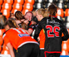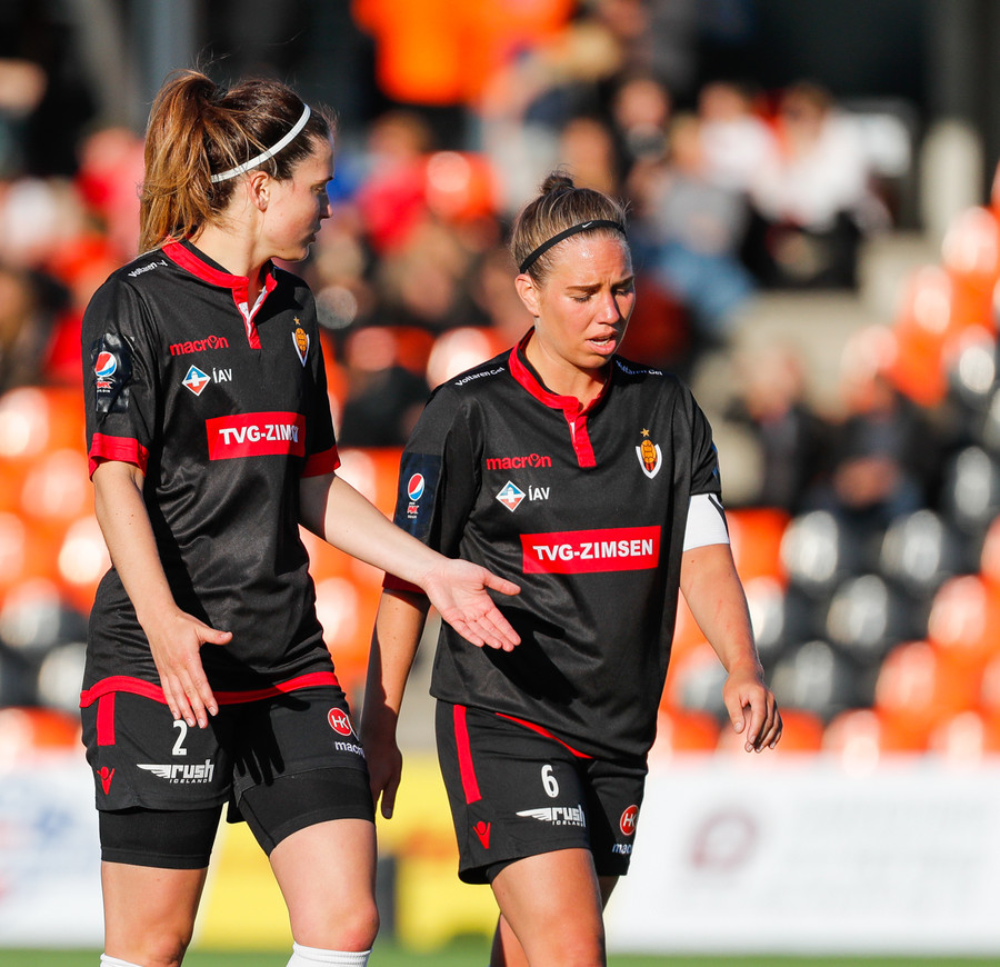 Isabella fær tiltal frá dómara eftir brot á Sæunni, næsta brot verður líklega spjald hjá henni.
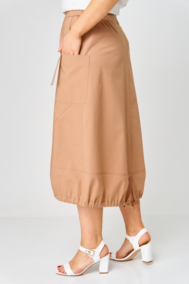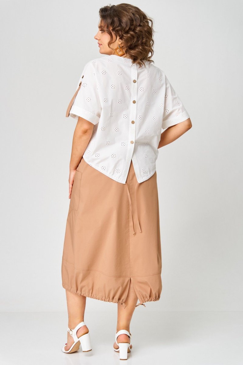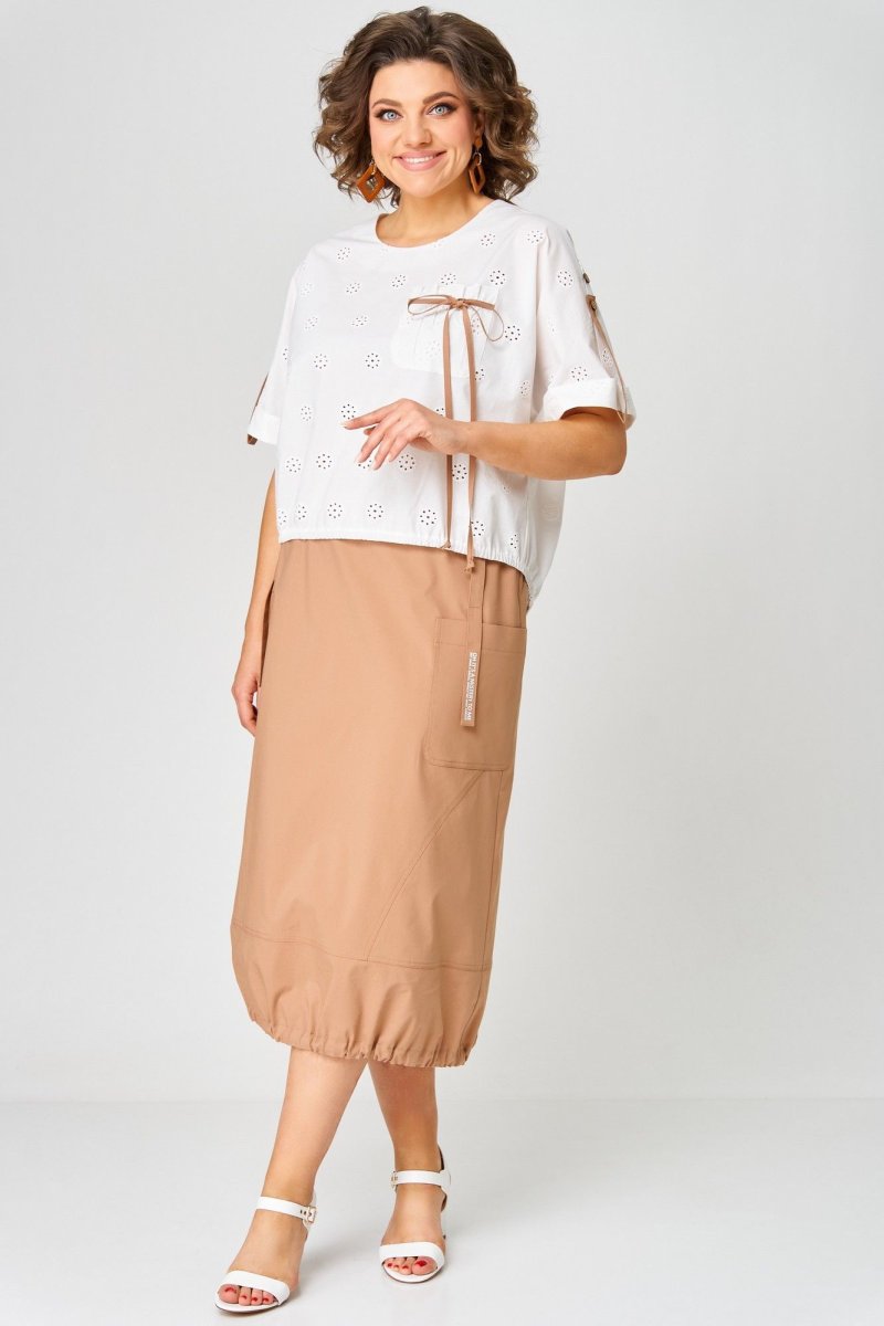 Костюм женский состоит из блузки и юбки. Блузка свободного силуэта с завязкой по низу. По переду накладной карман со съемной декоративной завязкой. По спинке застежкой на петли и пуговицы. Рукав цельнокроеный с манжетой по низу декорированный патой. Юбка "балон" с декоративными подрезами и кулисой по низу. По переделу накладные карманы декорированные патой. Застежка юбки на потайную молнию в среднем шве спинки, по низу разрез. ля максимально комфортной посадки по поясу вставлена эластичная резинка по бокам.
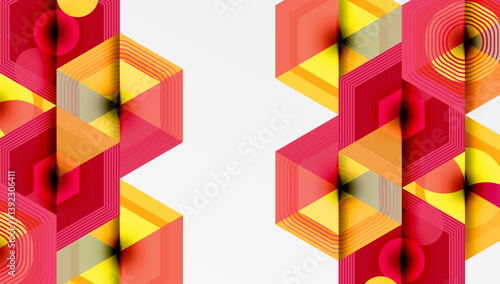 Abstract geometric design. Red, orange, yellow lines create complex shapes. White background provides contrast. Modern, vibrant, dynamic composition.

...

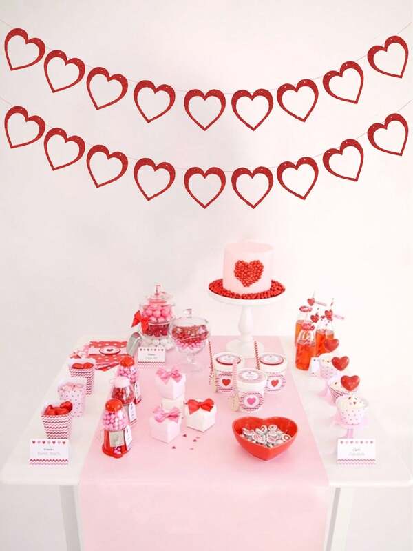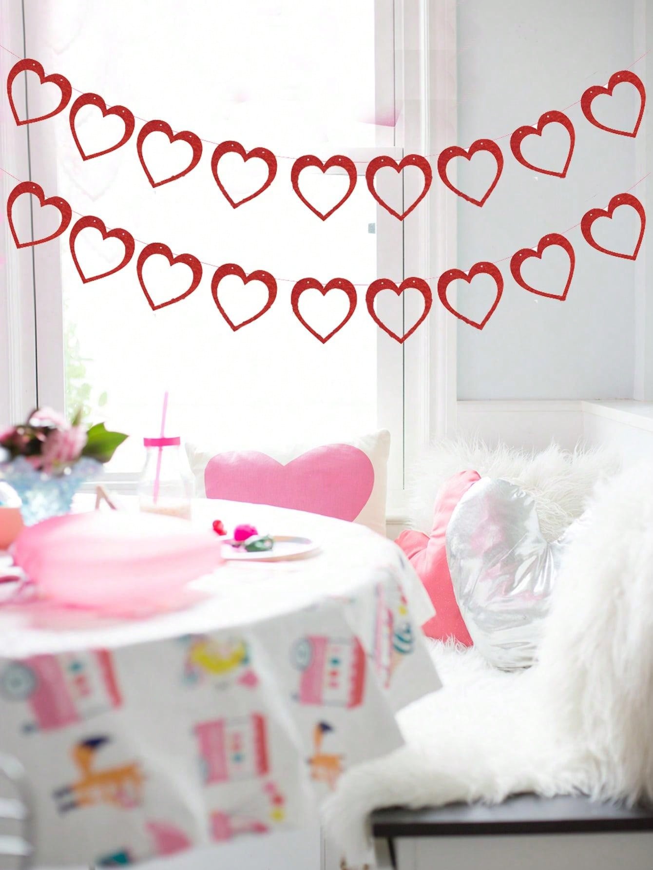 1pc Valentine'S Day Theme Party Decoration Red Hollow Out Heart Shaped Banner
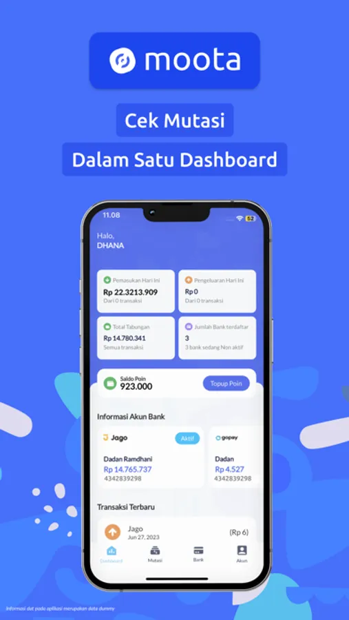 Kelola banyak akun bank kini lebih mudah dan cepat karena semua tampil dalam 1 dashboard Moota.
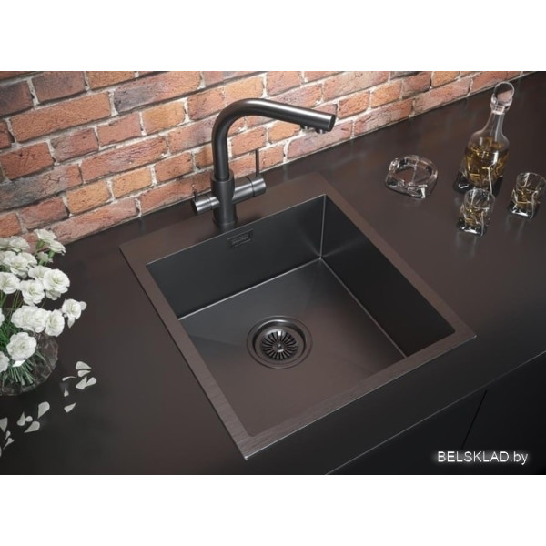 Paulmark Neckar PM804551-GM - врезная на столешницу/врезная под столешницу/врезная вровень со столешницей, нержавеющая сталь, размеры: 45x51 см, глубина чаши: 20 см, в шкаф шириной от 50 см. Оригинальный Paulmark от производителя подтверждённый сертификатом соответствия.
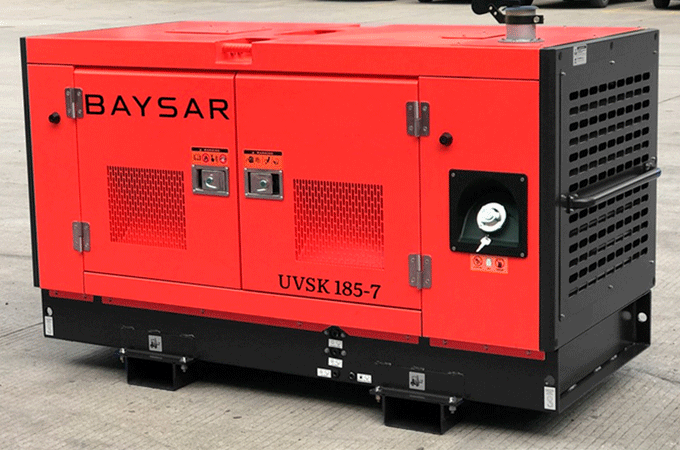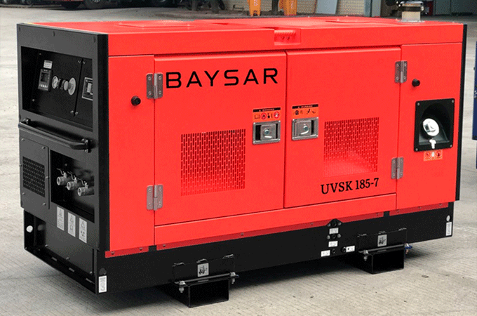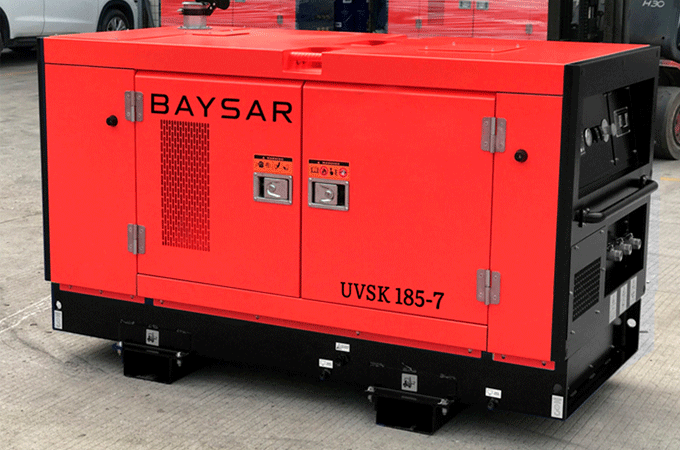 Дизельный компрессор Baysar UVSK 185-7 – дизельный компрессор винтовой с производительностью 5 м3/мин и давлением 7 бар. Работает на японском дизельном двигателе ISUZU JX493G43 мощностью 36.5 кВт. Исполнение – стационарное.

**How to complete this task:** What to print is the stretch of entries from the line with "Костюм женский состоит" up to and including the line with "Abstract geometric design.". Please print it exactly and leave out the pictures.

**Expected answer:**
 Костюм женский состоит из блузки и юбки. Блузка свободного силуэта с завязкой по низу. По переду накладной карман со съемной декоративной завязкой. По спинке застежкой на петли и пуговицы. Рукав цельнокроеный с манжетой по низу декорированный патой. Юбка "балон" с декоративными подрезами и кулисой по низу. По переделу накладные карманы декорированные патой. Застежка юбки на потайную молнию в среднем шве спинки, по низу разрез. ля максимально комфортной посадки по поясу вставлена эластичная резинка по бокам.
 Abstract geometric design. Red, orange, yellow lines create complex shapes. White background provides contrast. Modern, vibrant, dynamic composition.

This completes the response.